Gundlach, who joined TCW in 1985 as a quantitative analyst, later became a fund manager and was named chief investment officer of the Los Angeles-based company in 2005. TCW fired him last year, saying that Gundlach had threatened to leave and take key employees with him. Gundlach said he was dismissed so the company could cut costs.

TCW sued Gundlach and three other former employees in January, alleging they secretly downloaded proprietary information that was used to form DoubleLine. Gundlach has sued TCW, claiming he is owed as much as $1.25 billion in anticipated fee income, and said the allegations that he used information from TCW are untrue.

Assets in TCW Total Return, now managed by a team overseen by Tad Rivelle, have fallen by more than half to $5.3 billion since Gundlach’s departure. It has returned an average of 8.7 percent over the past five years.
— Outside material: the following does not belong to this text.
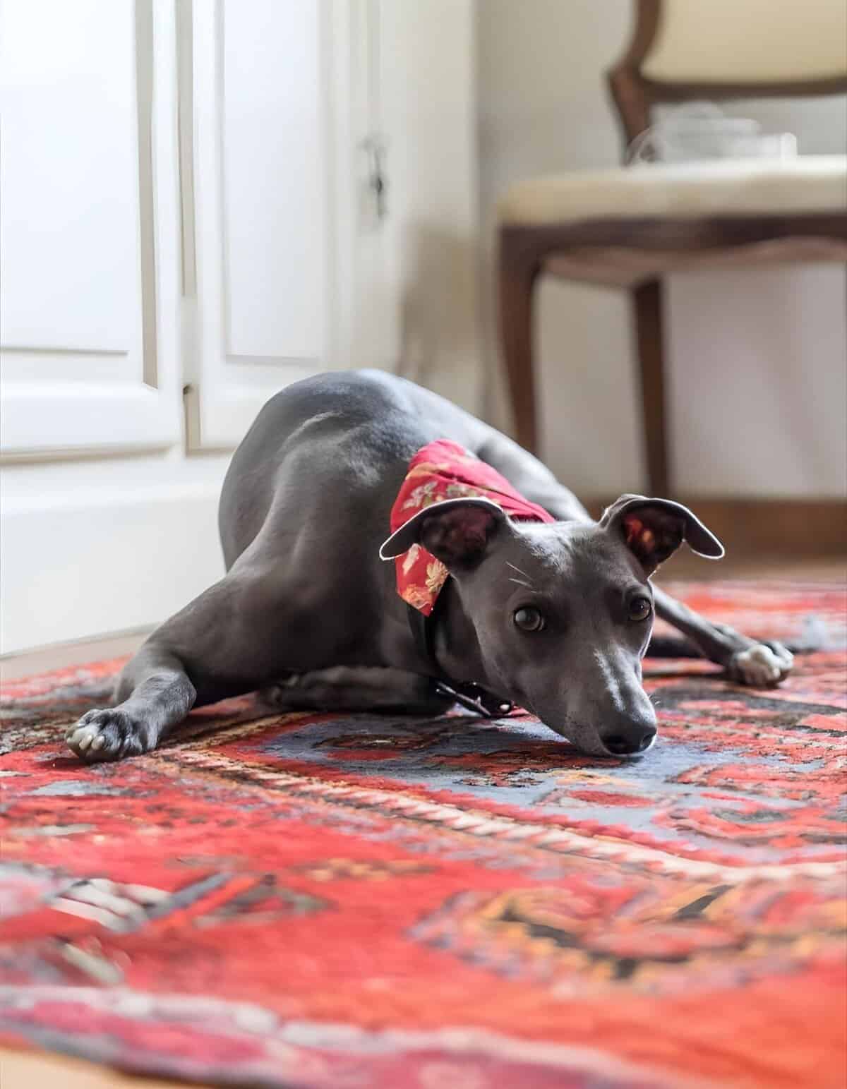 To help a dog with vision issues navigate their home, keep furniture and objects in the same spot. Clear pathways make it easier for them to memorize routes. Place textured rugs near important locations like food, water bowls, and beds. This allows the dog to feel where they are.

DoubleLine started with backing from Howard Marks’s Oaktree Capital Management LP, a Los Angeles-based firm that focuses on high-yield and distressed debt. DoubleLine Total Return Fund had the fastest start for a mutual fund, according to Morningstar. It took 16 years for the TCW Total Return Bond Fund to reach $2 billion in assets under management, Gundlach said.

DoubleLine’s assets under management have risen to $5.5 billion, helping the firm turn profitable, according to Gundlach.